# Task statement:
What you give back must match the data exactly, minus the pictures.

# Provided material:
····················
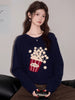 Infuse your wardrobe with a playful touch using this Navy Blue Popcorn Graphic Knit Sweater. The centerpiece of this cozy pullover is a whimsical popcorn bucket design featuring 3D textured tufting that mimics real popcorn spilling out. It is the perfect statement piece for a fun, casual look.
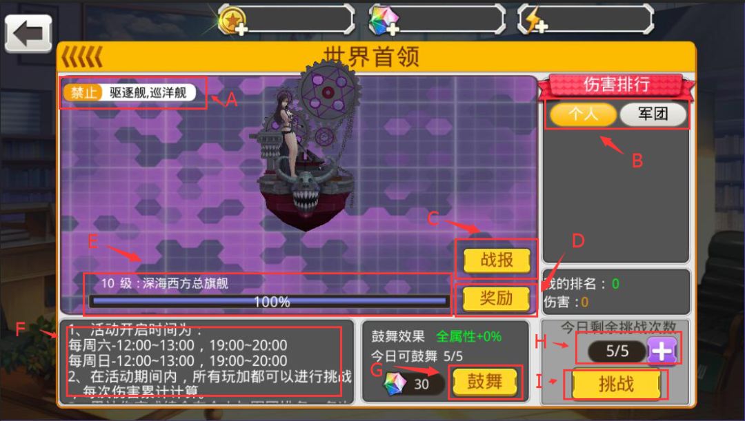 G、点击鼓舞可以提升舰姬在“世界首领”活动中的属性。
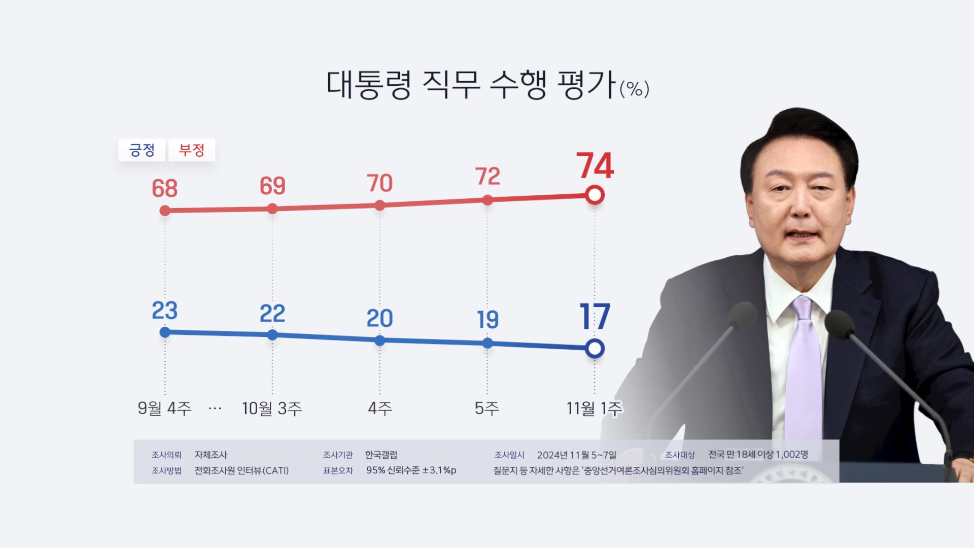 어제(지난 7일) 있었던 윤석열 대통령의 대국민담화 및 기자회견 이후 실망감과 부정적 평가가 쏟아지고 있는 가운데 임기 반환점을 앞둔 윤석열 대통령의 국정 지지율이 취임 후 최저치를 경신하며 2주 연속 10%대를 기록했습니다.
····················
# Solution for this problem:
 Infuse your wardrobe with a playful touch using this Navy Blue Popcorn Graphic Knit Sweater. The centerpiece of this cozy pullover is a whimsical popcorn bucket design featuring 3D textured tufting that mimics real popcorn spilling out. It is the perfect statement piece for a fun, casual look.
 G、点击鼓舞可以提升舰姬在“世界首领”活动中的属性。
 어제(지난 7일) 있었던 윤석열 대통령의 대국민담화 및 기자회견 이후 실망감과 부정적 평가가 쏟아지고 있는 가운데 임기 반환점을 앞둔 윤석열 대통령의 국정 지지율이 취임 후 최저치를 경신하며 2주 연속 10%대를 기록했습니다.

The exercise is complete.